- _Source records_
[Start of Attachment]

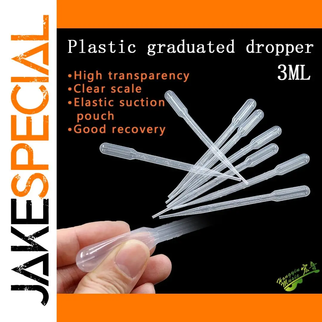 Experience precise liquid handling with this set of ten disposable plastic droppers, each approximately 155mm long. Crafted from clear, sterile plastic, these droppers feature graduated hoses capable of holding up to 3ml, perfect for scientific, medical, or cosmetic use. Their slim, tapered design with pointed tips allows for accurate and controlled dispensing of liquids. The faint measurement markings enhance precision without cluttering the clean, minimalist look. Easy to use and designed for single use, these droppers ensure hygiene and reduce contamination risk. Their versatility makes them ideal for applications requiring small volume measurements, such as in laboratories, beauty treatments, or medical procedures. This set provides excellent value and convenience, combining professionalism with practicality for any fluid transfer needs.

[End of Attachment]
[Start of Attachment]

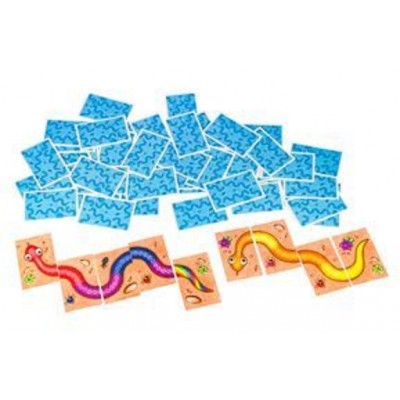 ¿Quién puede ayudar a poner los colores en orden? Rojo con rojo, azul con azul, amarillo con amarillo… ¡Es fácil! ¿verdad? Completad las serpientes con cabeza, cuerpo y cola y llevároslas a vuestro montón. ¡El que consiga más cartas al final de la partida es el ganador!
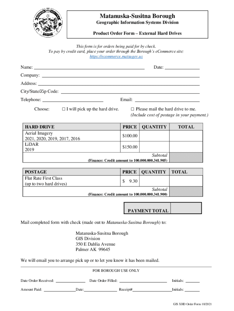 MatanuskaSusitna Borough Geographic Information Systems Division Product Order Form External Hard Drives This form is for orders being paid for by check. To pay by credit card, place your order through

[End of Attachment]

- _Task prompt_
Working from the entries above, reproduce exactly and only the lines beginning with the line that has "es el ganador!" and ending with the line that has "MatanuskaSusitna Borough Geographic"; omit all pictures.

- _Solution for this task_
 ¿Quién puede ayudar a poner los colores en orden? Rojo con rojo, azul con azul, amarillo con amarillo… ¡Es fácil! ¿verdad? Completad las serpientes con cabeza, cuerpo y cola y llevároslas a vuestro montón. ¡El que consiga más cartas al final de la partida es el ganador!
 MatanuskaSusitna Borough Geographic Information Systems Division Product Order Form External Hard Drives This form is for orders being paid for by check. To pay by credit card, place your order through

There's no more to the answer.